Неужели он так и сказал? Джек даже запнулся на полшаге. По остекленевшим глазам рулевого, рулевого старшины и помощников канонира, что возились с кормовой карронадой левого борта, а также по безмолвным корчам мичманов на переходном мостке стало ясно, что да.
— Я тебе вот что скажу, Златовласка, — продолжил Парслоу, прикрыв один глаз, — ты тут не очень передо мной задавайся. Я личность, и я такого не потерплю. Сам его ищи.
— Помощника боцмана сюда, — сказал Джек. — Старшина, гамак мистера Парслоу, пожалуйста.
Прибежал помощник боцмана с линьком в руке.
— Привяжите этого молодого джентльмена к пушке в моей каюте.
Молодой джентльмен отцепился от пиллерса и теперь лежал на палубе, вопя, что его нельзя бить, что он заколет кортиком любого, кто только посмеет до него дотронуться — он, как-никак, офицер. Помощник боцмана поднял его с палубы за хлястик, часовой открыл и закрыл за ними дверь. Испуганный крик, потом визгливые ругательства, от которых расширились глаза у скалящих зубы на квартердеке, вперемешку с равномерными глухими ударами линька, и затем горько рыдающий мистер Парслоу был вытащен за руку наружу.
— Завяжите его в гамак, Роджерс, — велел Джек. — Мистер Пуллингс? Мистер Пуллингс, мичманам грог не выдавать до дальнейших распоряжений.
Вечером в каюте он сказал Стивену:
— Знаешь, что эти мерзавцы из мичманской берлоги сделали с юным Парслоу?
— Знаю, не знаю — всё равно ты мне сейчас расскажешь, — заметил Стивен, наливая себе ром.
— Они напоили его до поросячьего визга и затем отправили на палубу. В первый же день, когда можно отдохнуть от постоянных вахт и уже не надо стоять по колено в воде — им больше заняться нечем, кроме как подпоить мальчишку. Однако на этом их шутки кончены. Я запретил давать им грог.

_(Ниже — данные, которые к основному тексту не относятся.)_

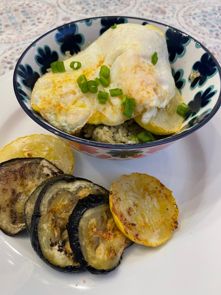 Made mushroom pesto rice bowls w veggies last night. That’s my eggplant with my neighbors squashes.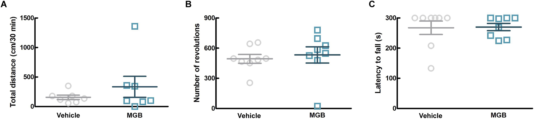 Figure 3. Effect of MGB on locomotor function in SPF mice. (A–C) Vehicle or MGB (10 mg/kg) were administered orally in SPF mice before behavioral test. Values represented the means and S.E.M (n = 7–8). (A) Locomotor activity test. (B) Running wheel test. (C) Rotarod test.

— Ещё бы лучше было, если б ты запретил раздавать грог всей команде. В высшей степени пагубный обычай, потакание природной приверженности в чудовищных размерах: полпинты рома, вот уж да! Четверть людей, что теперь находятся в моих руках, в лазарете, не попали бы туда вовсе, если бы не этот твой гнусный ром. Их тащат ко мне вниз со сломанными ногами-руками, ребрами и ключицами, потому что они попадали с рангоута по пьяной лавочке — крепкие, ловкие, внимательные люди, которые бы никогда не свалились оттуда, будучи трезвыми. Слушай, давай его тихонько выльем весь за борт.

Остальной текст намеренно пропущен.